> [The problem]:
Every line of the material must be restated exactly, though not its pictures.

(Given data Opens)

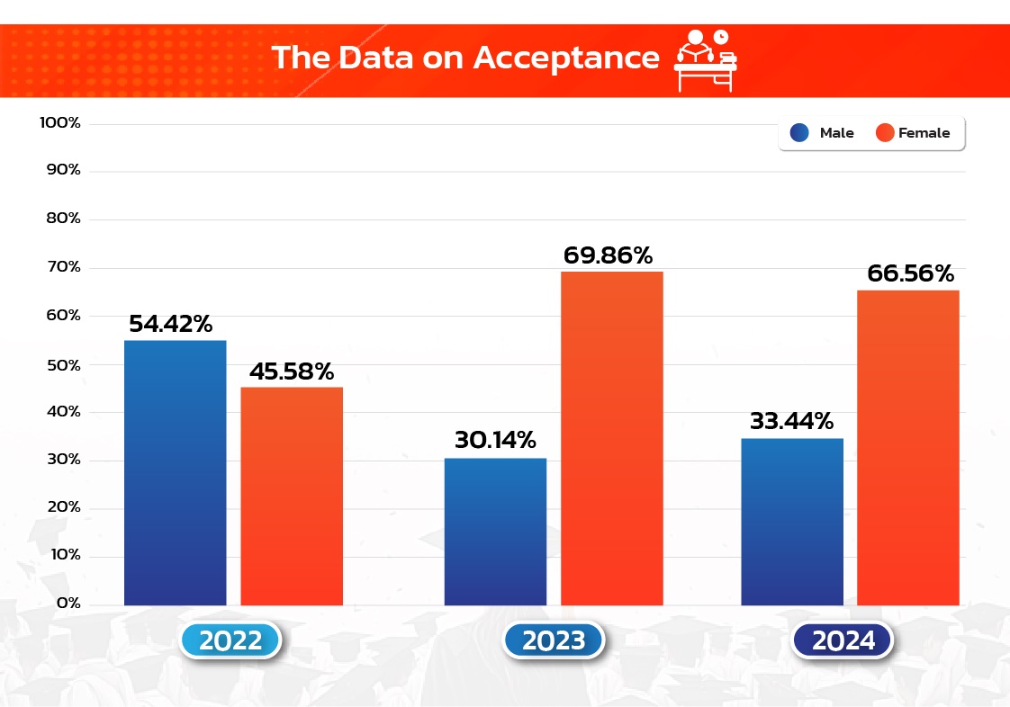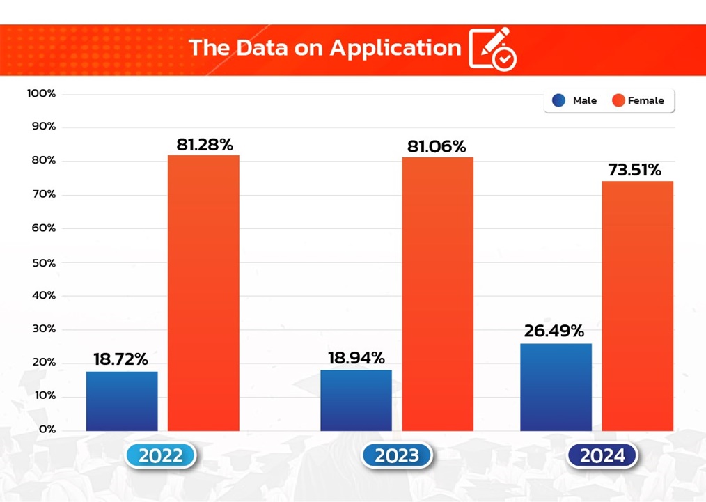 Each year, the CES website is updated with the latest data, reflecting Walailak University’s commitment to transparency, accountability, and continuous improvement. The statistics consistently show that female students make up the majority of applicants and enrollees, with their numbers steadily increasing year after year. This growth highlights the university’s success in advancing gender equity and creating an inclusive academic environment. Moreover, by openly sharing this data, Walailak University demonstrates its dedication to evidence-based decision-making and its role in supporting broader societal progress toward equal opportunities in higher education.
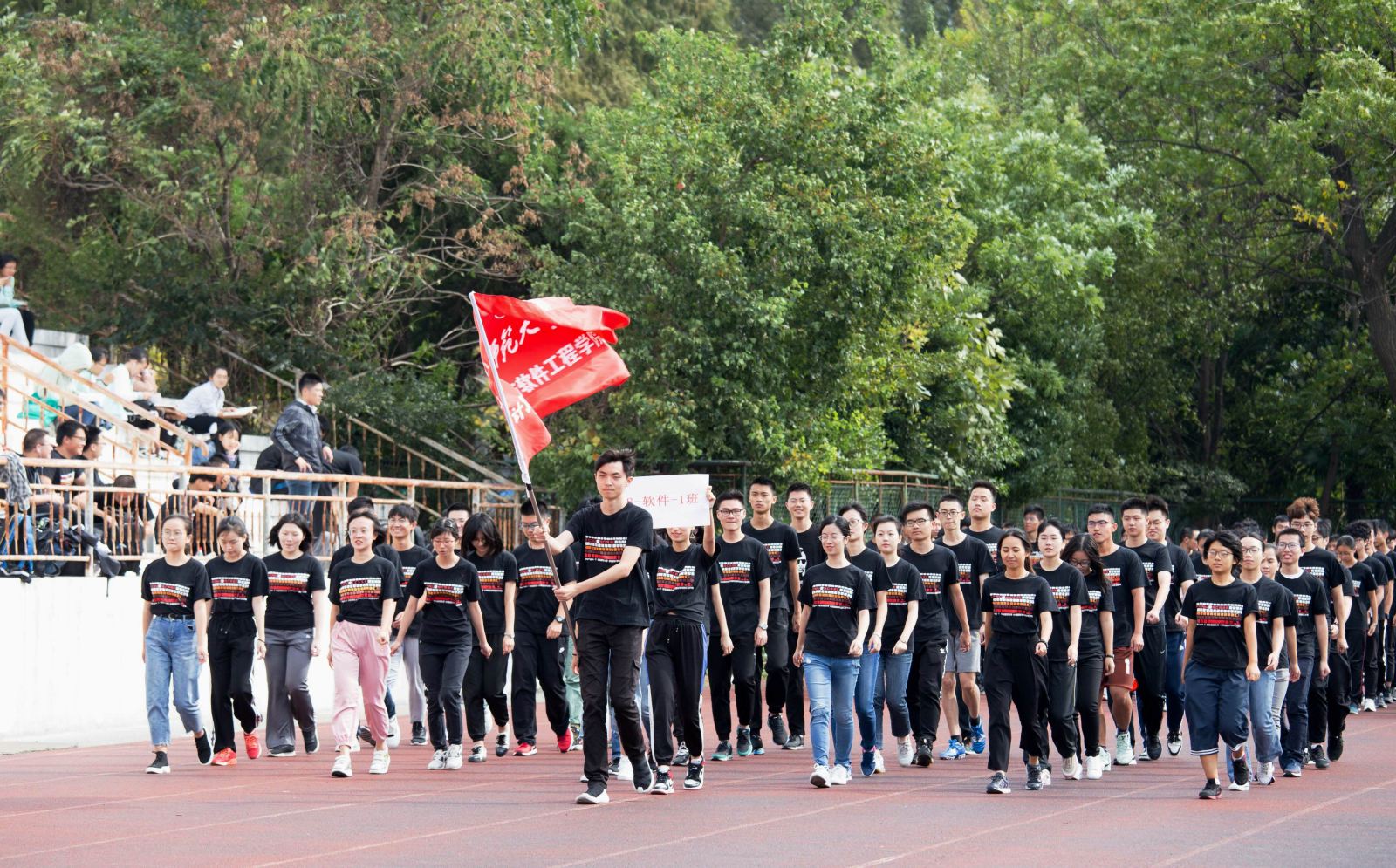 当两点的钟声敲响,开幕式正式开始。跟随着飘扬的院旗,迎面走来的是各年级同学和教工代表队组成的方阵。老师们和同学们踏着整齐的步伐向主席台走来,用响亮的口号,完美展示了计软院的精神风貌:程序圆梦,代码筑城;华师计软,无所不能!
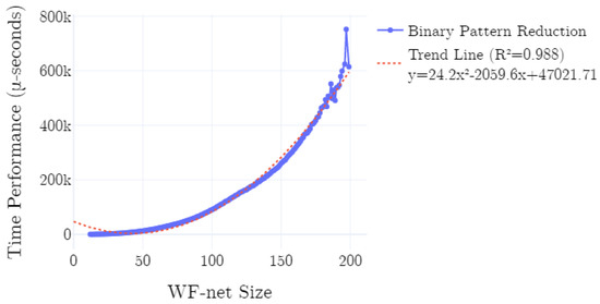 Here, we briefly discuss the results of the conducted experiments. Consider Figure 14, in which we present the average time performance of the implementation on the data as generated according to the described experimental setup. We plot the time performance, conditional to the size of the input WF-net. Additionally, we plot a polynomial trend-line, computed using polynomial least squares. As is clearly observable in Figure 14, the time performance is quadratic in the size of the net (). This is confirmed by the -score of the trend-line, i.e., ∼0.988. Note that, the fluctuations in the right-hand-side of the chart are explained by a relative smaller amount of experiments conducted with models of the corresponding sizes. In all experiments, the canonical form of the generated process tree equals the canonical form of the (re)discovered process tree.
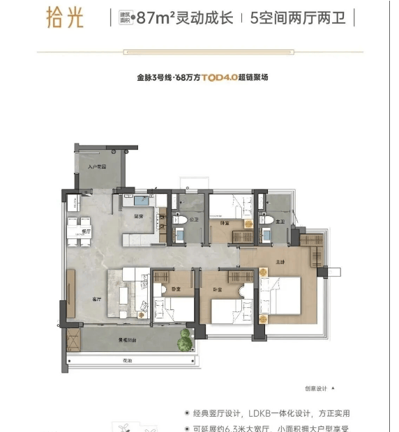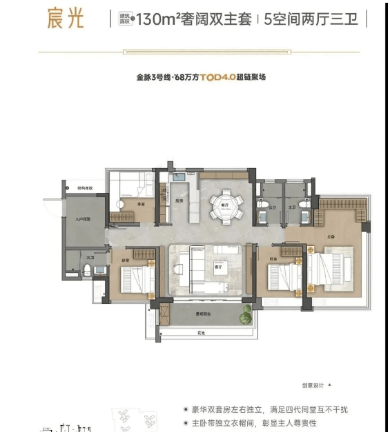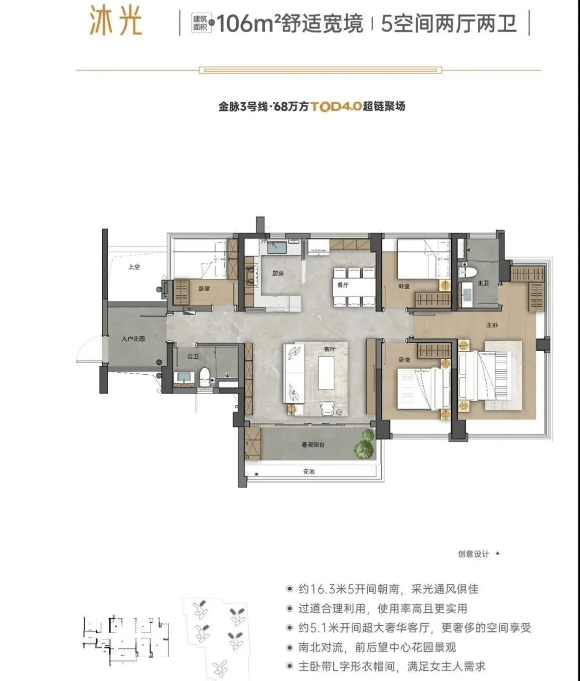 户型设计颠覆市场:项目提供了多种户型选择,从紧凑型的三房两卫到宽敞的五房,均具有极高的使用率。特别是部分户型赠送入户花园和270°环幕飘窗,为业主提供了更多的生活空间。

(Given data Closes)

> [Exercise response]:
 Each year, the CES website is updated with the latest data, reflecting Walailak University’s commitment to transparency, accountability, and continuous improvement. The statistics consistently show that female students make up the majority of applicants and enrollees, with their numbers steadily increasing year after year. This growth highlights the university’s success in advancing gender equity and creating an inclusive academic environment. Moreover, by openly sharing this data, Walailak University demonstrates its dedication to evidence-based decision-making and its role in supporting broader societal progress toward equal opportunities in higher education.
 当两点的钟声敲响,开幕式正式开始。跟随着飘扬的院旗,迎面走来的是各年级同学和教工代表队组成的方阵。老师们和同学们踏着整齐的步伐向主席台走来,用响亮的口号,完美展示了计软院的精神风貌:程序圆梦,代码筑城;华师计软,无所不能!
 Here, we briefly discuss the results of the conducted experiments. Consider Figure 14, in which we present the average time performance of the implementation on the data as generated according to the described experimental setup. We plot the time performance, conditional to the size of the input WF-net. Additionally, we plot a polynomial trend-line, computed using polynomial least squares. As is clearly observable in Figure 14, the time performance is quadratic in the size of the net (). This is confirmed by the -score of the trend-line, i.e., ∼0.988. Note that, the fluctuations in the right-hand-side of the chart are explained by a relative smaller amount of experiments conducted with models of the corresponding sizes. In all experiments, the canonical form of the generated process tree equals the canonical form of the (re)discovered process tree.
 户型设计颠覆市场:项目提供了多种户型选择,从紧凑型的三房两卫到宽敞的五房,均具有极高的使用率。特别是部分户型赠送入户花园和270°环幕飘窗,为业主提供了更多的生活空间。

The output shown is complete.